*Exercise prompt*
The entries are to be printed again word for word, but no picture may appear.

[Records from a collection]
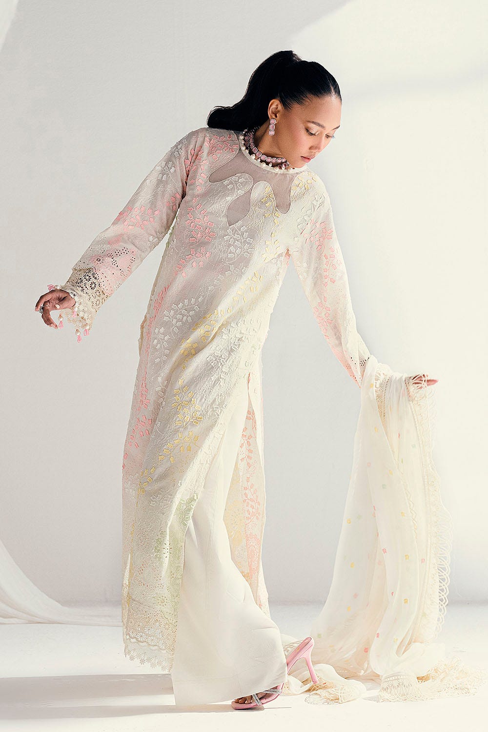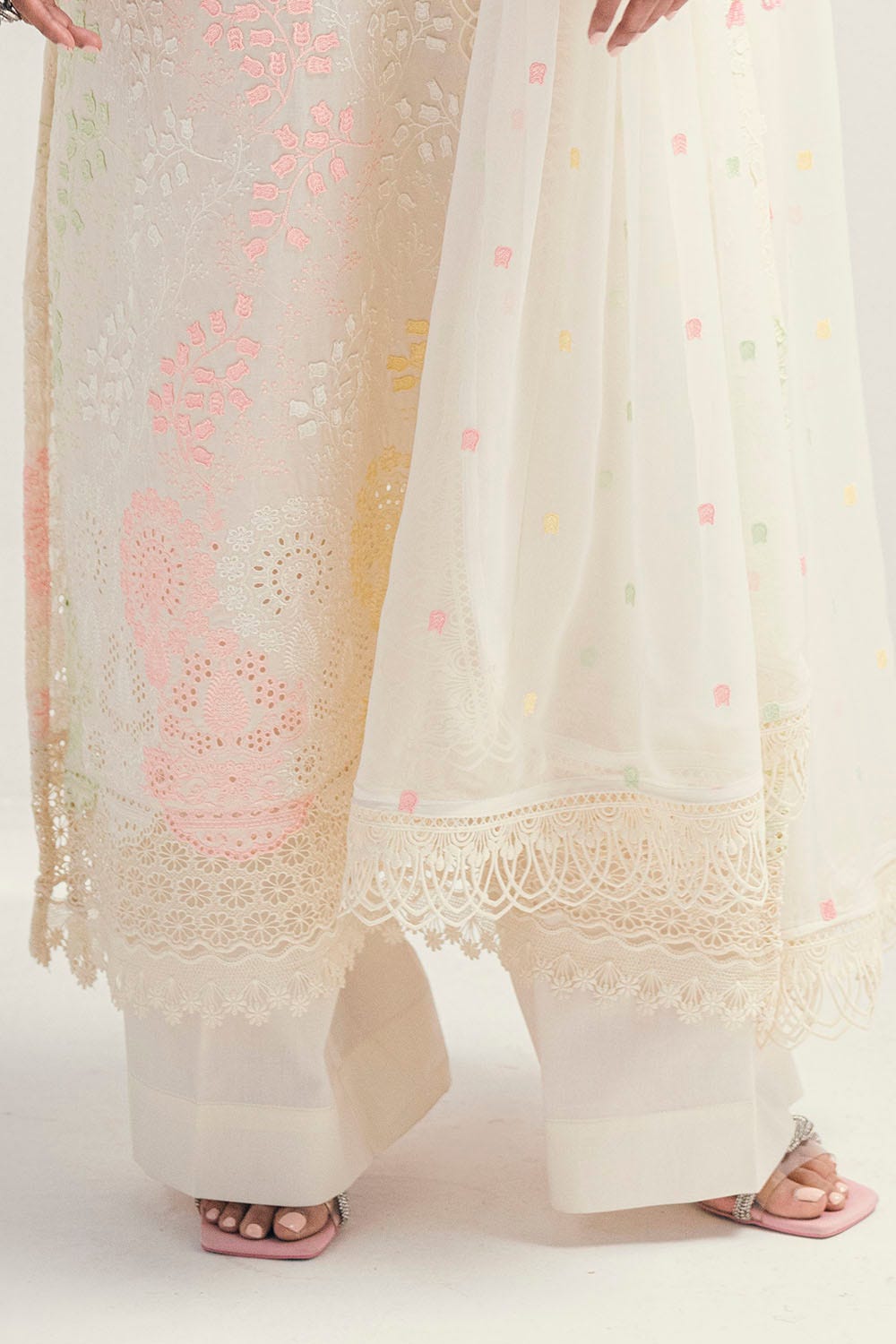 Fabric: Embroidered Chiffon Dupatta - 2.5 Meters Schiffli Embroidered Lawn Shirt Front & Sleeves with Dyed Lawn Back - 2.28 Meters Dyed Trouser - 1.75 Meters Embroidered Chiffon Dupatta - 2.5 Meters Schiffli Embroidered Lawn Shirt Front & Sleeves with Dyed Lawn Back - 2.28 Meters Dyed Trouser - 1.75 Meters SKU: W-FB-CKN-25-425186 Color: White |
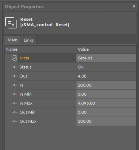 The Reset component performs a linear reset on the In value.
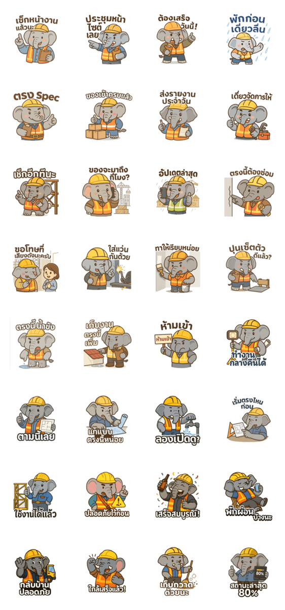 | スタンプ説明 | Elephant, Site Supervisor,Construction,Worksite,Communication,Safety, Fun, Clear, Teamwork, Motivation, Completed, Rest,Handover,Professional, Strong, Resilient |
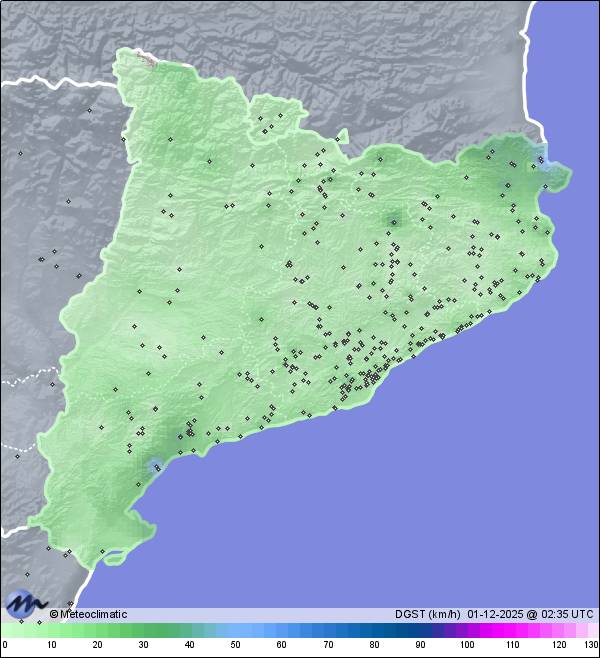 | Mataró-Can Canyellas | 144 | 9,3 | 9,3 | 8,5 | 74 | 79 | 74 | 1.017 | 1.017 | 1.017 | 14 NNW | 16 | - | 588,0 | |
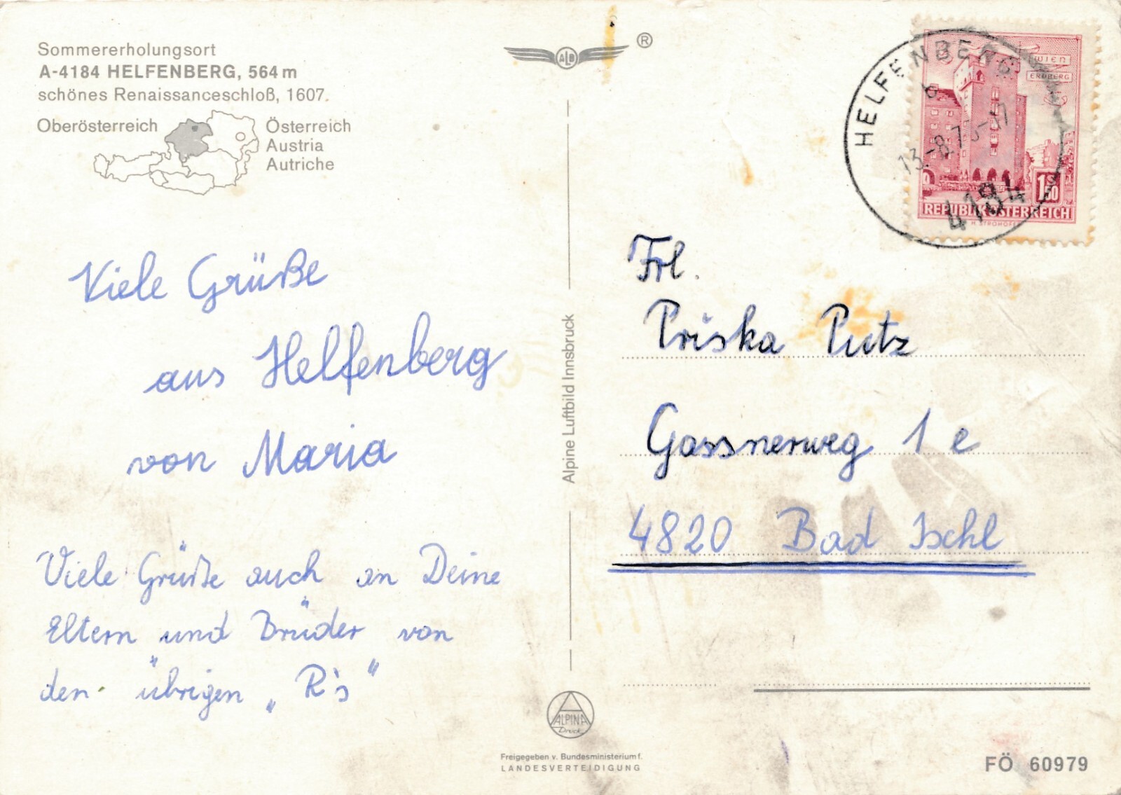 AK aus Helfenberg Oberösterreich Fliegerfoto Ansichtskarte (J385)
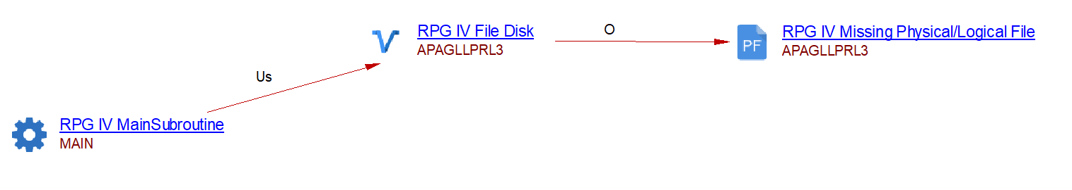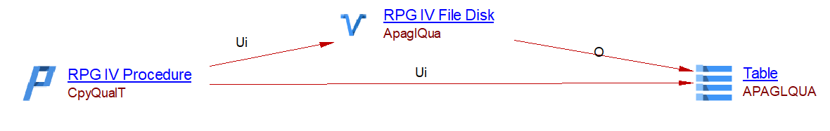 The RPG IV Missing Physical/Logical File “APAGLQUA” object is created at analyzer level because com.castsoftware.rpg cannot know at that point that a Table or View exists resulting from a com.castsoftware.sqlanalyser analysis. At application level, a matching protocol is used to link “RPG IV File Disk” to the “Table” and delete the RPG IV Missing Physical/Logical File only if a match has been found.
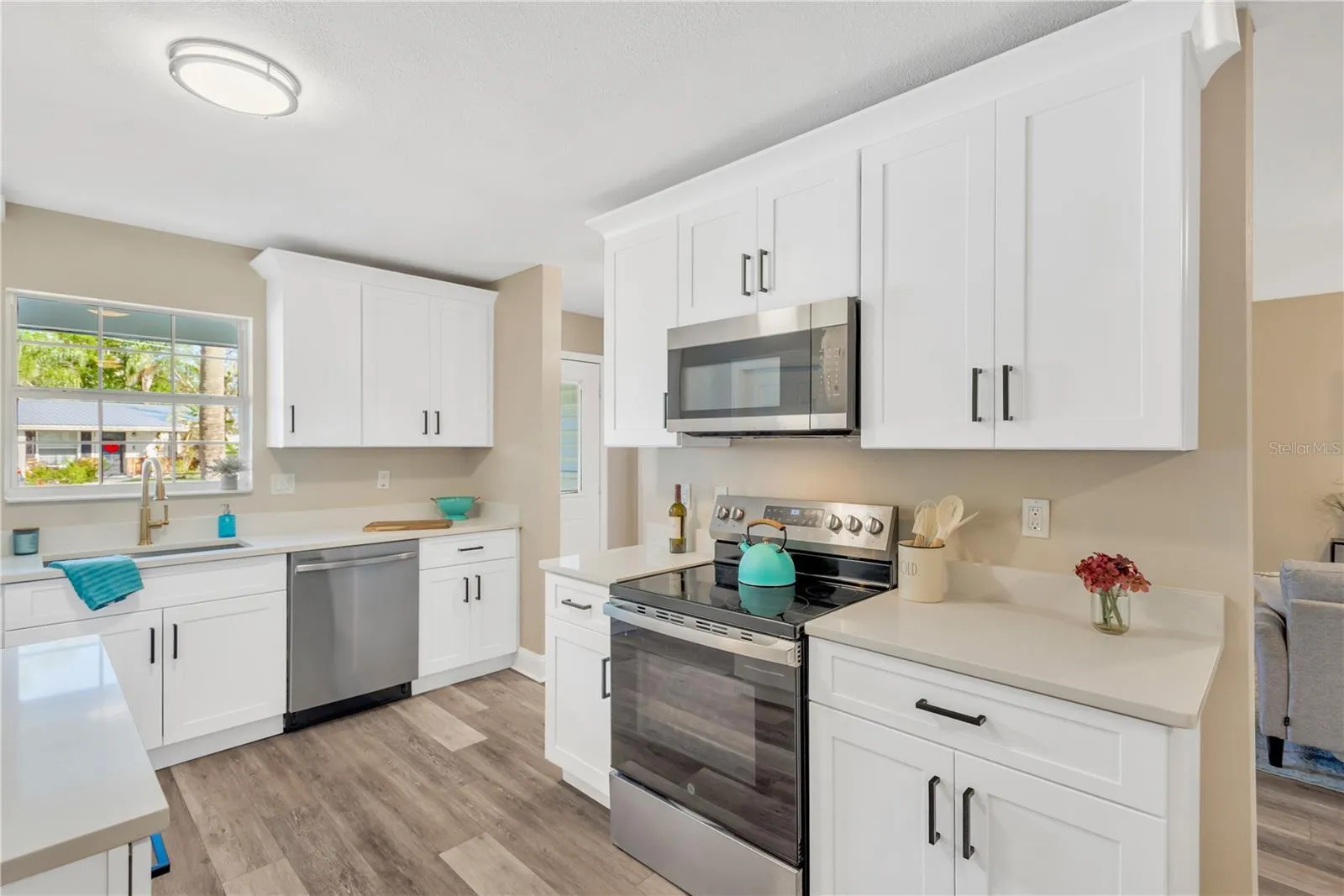 This is the one you’ve been waiting for! Located in Tampa’s highly desired Lake Magdalene area, this home offers a beautifully updated 5-bedroom, 2-bathroom sanctuary in the heart of our wonderful city. This exceptional residence greets you with a spacious floor plan designed for both style and functionality. A picture-perfect Florida front porch welcomes you home, and is the perfect place to enjoy a cup of coffee or your favorite drink. As you enter the home, tons of natural light and bright luxury plank flooring create a perfect blend of warmth and modern sophistication. The gourmet kitchen is a chef’s dream, featuring gorgeous QUARTZ countertops, stainless steel appliances, and custom ALL-WOOD cabinetry, offering a space that is as practical as it is stunning. Each bedroom provides a private haven of comfort. The master suite serves as a true retreat, showcasing a private bath with upscale finishes and design. Four additional bedrooms and a private guest bathroom mean everyone has plenty of space to spread out. A split floor plan offers tons of privacy, or a perfect place for a home office, studio, gym or playroom. Step outside to your expansive FENCED backyard – an entertainer’s paradise and a peaceful oasis, perfect for outdoor gatherings or quiet relaxation under the Florida sun. This home features a BRAND NEW ROOF, for years of enjoyment and comfort. Other great features include a covered walkway to the giant laundry space/utility room, brand new carpet, and fresh paint… all you have left to do is move in! Located in a vibrant, centrally located neighborhood, this home combines tranquil living with unparalleled convenience. Close to schools, beautiful parks, premier shopping, and easy access to major highways, this property offers the best Tampa has to offer. Discover the lifestyle you deserve where luxury, comfort, and location harmonize perfectly. Schedule your private tour today and make this exquisite home yours!
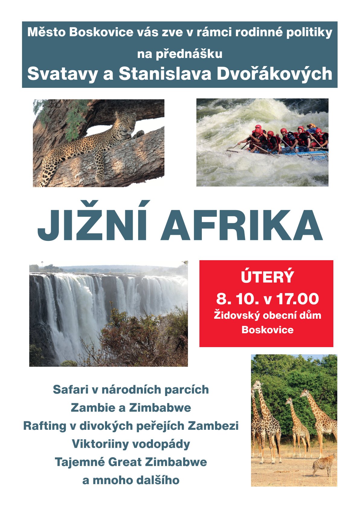 V úterý 8. října v 17.00 hodin v Židovském obecním domě můžete s manželi Dvořákovými cestovat po Jižní Africe.
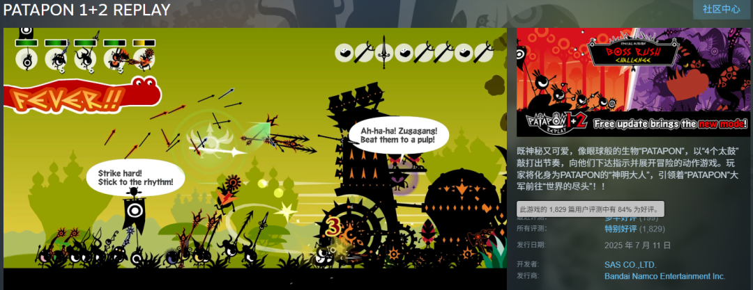 于是在近几年里Steam上连续涌现了《Hi-Fi RUSH》《Trombone Champ》《节奏裂隙》《UNBEATABLE》等多款热销的节奏游戏,去年《啪嗒砰》移植、《太鼓达人》移植,也进一步炒热了节奏品类,甚至还有《萌萌夹击》这种奇葩新游来搅局。
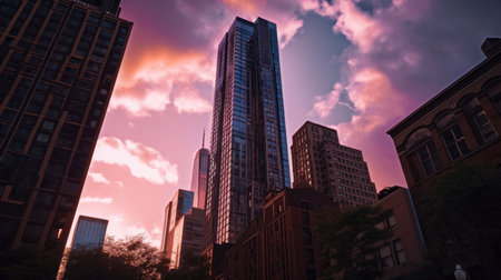 Captivating view of glass skyscrapers reflecting a stunning sunset filled with vibrant colors, showcasing modern architecture and urban beauty.
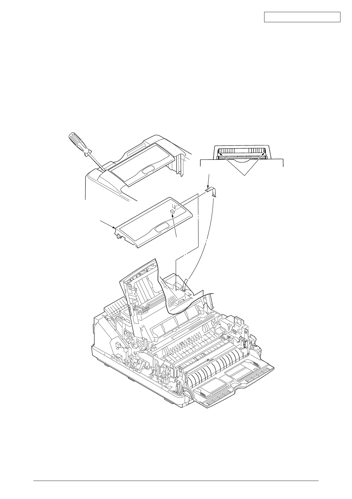 (1) Unlock two latches on the upper cover from the rear side, lift the operator panel assy 1 from the
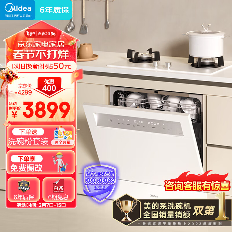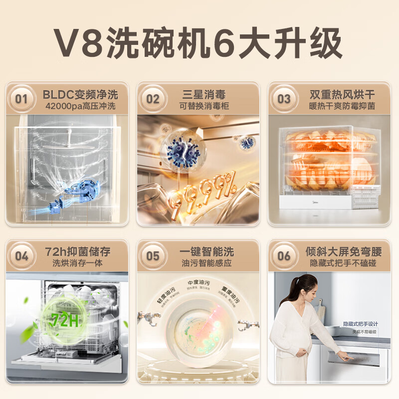 美的(Midea)洗碗机嵌入式台式 10套 家用灶下安装 变频节能 热风烘干 洗碗机一体机 V8(白)价格:5999.00元!
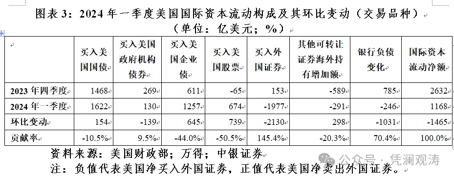 从投资主体看,私人资本净流入锐减是主要贡献项。一季度,私人资本净流入119亿美元,环比减少94.6%,下降2073亿美元,贡献了同期美国资本净流入降幅的141.5%;官方资本净流入1049亿美元,环比增长1.38倍,增加609亿美元,为负贡献41.5%(见图表2)。2024年4月份,以日元、韩元、印度卢比为代表的亚洲货币普跌,亚洲货币保卫战的炒作又甚嚣尘上,甚至月底日本央行重新入场干预。这些都是新近发生的情况,未反映在一季度的官方资本流动中。
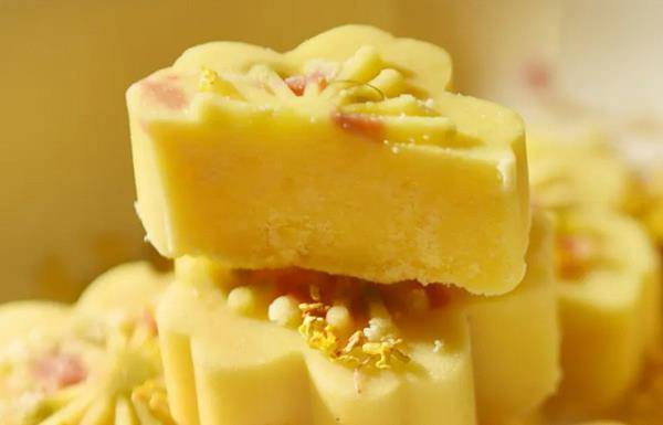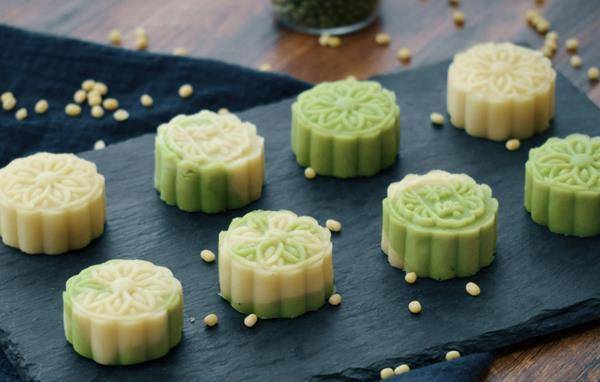 绿豆是一种常见的粗粮,也是非常好的解暑食物。绿豆浸泡后,去掉外面深绿色的皮,里面是淡黄色的绿豆颗粒。煮熟后捣成豆沙,加入适量桂花蜜。用模具制作完成的桂花绿豆糕。它看起来非常可爱和开胃。
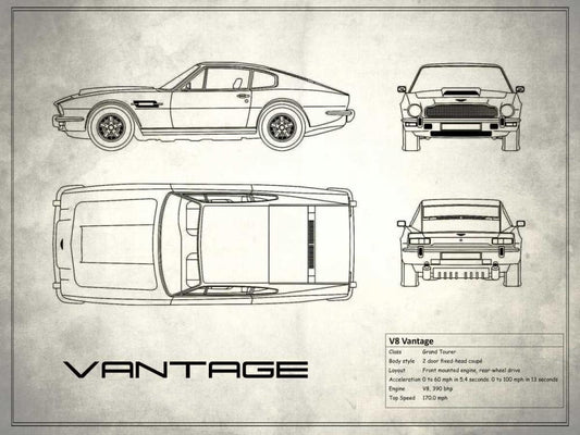 Aston V8 Vantage White White Modern Wood Framed Art Print with Double Matting by Rogan, Mark
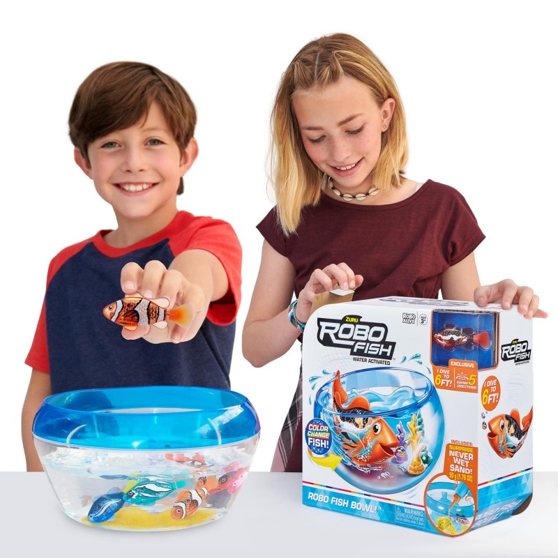 Zuru Robo Alive -kalamalja robottikalalla, joka käyttäytyy niin paljon kuin tavallinen kala, että voit uskoa sen olevan oikea. Laita kala kulhoon täyttämisen jälkeen vedellä ja katsele kalan uivan 5 eri suuntaan. Kala muuttaa myös väriä, kun se on vedessä! Siellä on myös "never wet hiekkaa", jonka avulla voit luoda koralliriuttoja kaloille. Laita hiekka ruiskutuspulloon ja luo siistit rakennelmat.
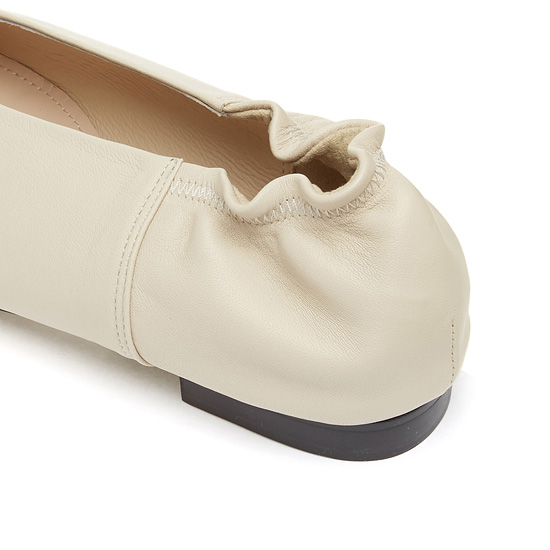 - 뒷춤에 텐션 있는 주름 디테일로 포인트를 준 여성스러운 무드의
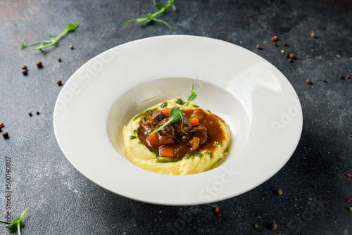 Beef cheeks with mashed potatoes and sauce demiglass on concrete table
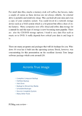concentrating for this presentation on the excellent Acronis True Image

*Answer to this exercise*
 Fabric: Embroidered Chiffon Dupatta - 2.5 Meters Schiffli Embroidered Lawn Shirt Front & Sleeves with Dyed Lawn Back - 2.28 Meters Dyed Trouser - 1.75 Meters Embroidered Chiffon Dupatta - 2.5 Meters Schiffli Embroidered Lawn Shirt Front & Sleeves with Dyed Lawn Back - 2.28 Meters Dyed Trouser - 1.75 Meters SKU: W-FB-CKN-25-425186 Color: White |
 The Reset component performs a linear reset on the In value.
 | スタンプ説明 | Elephant, Site Supervisor,Construction,Worksite,Communication,Safety, Fun, Clear, Teamwork, Motivation, Completed, Rest,Handover,Professional, Strong, Resilient |
 | Mataró-Can Canyellas | 144 | 9,3 | 9,3 | 8,5 | 74 | 79 | 74 | 1.017 | 1.017 | 1.017 | 14 NNW | 16 | - | 588,0 | |
 AK aus Helfenberg Oberösterreich Fliegerfoto Ansichtskarte (J385)
 The RPG IV Missing Physical/Logical File “APAGLQUA” object is created at analyzer level because com.castsoftware.rpg cannot know at that point that a Table or View exists resulting from a com.castsoftware.sqlanalyser analysis. At application level, a matching protocol is used to link “RPG IV File Disk” to the “Table” and delete the RPG IV Missing Physical/Logical File only if a match has been found.
 This is the one you’ve been waiting for! Located in Tampa’s highly desired Lake Magdalene area, this home offers a beautifully updated 5-bedroom, 2-bathroom sanctuary in the heart of our wonderful city. This exceptional residence greets you with a spacious floor plan designed for both style and functionality. A picture-perfect Florida front porch welcomes you home, and is the perfect place to enjoy a cup of coffee or your favorite drink. As you enter the home, tons of natural light and bright luxury plank flooring create a perfect blend of warmth and modern sophistication. The gourmet kitchen is a chef’s dream, featuring gorgeous QUARTZ countertops, stainless steel appliances, and custom ALL-WOOD cabinetry, offering a space that is as practical as it is stunning. Each bedroom provides a private haven of comfort. The master suite serves as a true retreat, showcasing a private bath with upscale finishes and design. Four additional bedrooms and a private guest bathroom mean everyone has plenty of space to spread out. A split floor plan offers tons of privacy, or a perfect place for a home office, studio, gym or playroom. Step outside to your expansive FENCED backyard – an entertainer’s paradise and a peaceful oasis, perfect for outdoor gatherings or quiet relaxation under the Florida sun. This home features a BRAND NEW ROOF, for years of enjoyment and comfort. Other great features include a covered walkway to the giant laundry space/utility room, brand new carpet, and fresh paint… all you have left to do is move in! Located in a vibrant, centrally located neighborhood, this home combines tranquil living with unparalleled convenience. Close to schools, beautiful parks, premier shopping, and easy access to major highways, this property offers the best Tampa has to offer. Discover the lifestyle you deserve where luxury, comfort, and location harmonize perfectly. Schedule your private tour today and make this exquisite home yours!
 V úterý 8. října v 17.00 hodin v Židovském obecním domě můžete s manželi Dvořákovými cestovat po Jižní Africe.
 于是在近几年里Steam上连续涌现了《Hi-Fi RUSH》《Trombone Champ》《节奏裂隙》《UNBEATABLE》等多款热销的节奏游戏,去年《啪嗒砰》移植、《太鼓达人》移植,也进一步炒热了节奏品类,甚至还有《萌萌夹击》这种奇葩新游来搅局。
 Captivating view of glass skyscrapers reflecting a stunning sunset filled with vibrant colors, showcasing modern architecture and urban beauty.
 (1) Unlock two latches on the upper cover from the rear side, lift the operator panel assy 1 from the
 美的(Midea)洗碗机嵌入式台式 10套 家用灶下安装 变频节能 热风烘干 洗碗机一体机 V8(白)价格:5999.00元!
 从投资主体看,私人资本净流入锐减是主要贡献项。一季度,私人资本净流入119亿美元,环比减少94.6%,下降2073亿美元,贡献了同期美国资本净流入降幅的141.5%;官方资本净流入1049亿美元,环比增长1.38倍,增加609亿美元,为负贡献41.5%(见图表2)。2024年4月份,以日元、韩元、印度卢比为代表的亚洲货币普跌,亚洲货币保卫战的炒作又甚嚣尘上,甚至月底日本央行重新入场干预。这些都是新近发生的情况,未反映在一季度的官方资本流动中。
 绿豆是一种常见的粗粮,也是非常好的解暑食物。绿豆浸泡后,去掉外面深绿色的皮,里面是淡黄色的绿豆颗粒。煮熟后捣成豆沙,加入适量桂花蜜。用模具制作完成的桂花绿豆糕。它看起来非常可爱和开胃。
 Aston V8 Vantage White White Modern Wood Framed Art Print with Double Matting by Rogan, Mark
 Zuru Robo Alive -kalamalja robottikalalla, joka käyttäytyy niin paljon kuin tavallinen kala, että voit uskoa sen olevan oikea. Laita kala kulhoon täyttämisen jälkeen vedellä ja katsele kalan uivan 5 eri suuntaan. Kala muuttaa myös väriä, kun se on vedessä! Siellä on myös "never wet hiekkaa", jonka avulla voit luoda koralliriuttoja kaloille. Laita hiekka ruiskutuspulloon ja luo siistit rakennelmat.
 - 뒷춤에 텐션 있는 주름 디테일로 포인트를 준 여성스러운 무드의
 Beef cheeks with mashed potatoes and sauce demiglass on concrete table
concentrating for this presentation on the excellent Acronis True Image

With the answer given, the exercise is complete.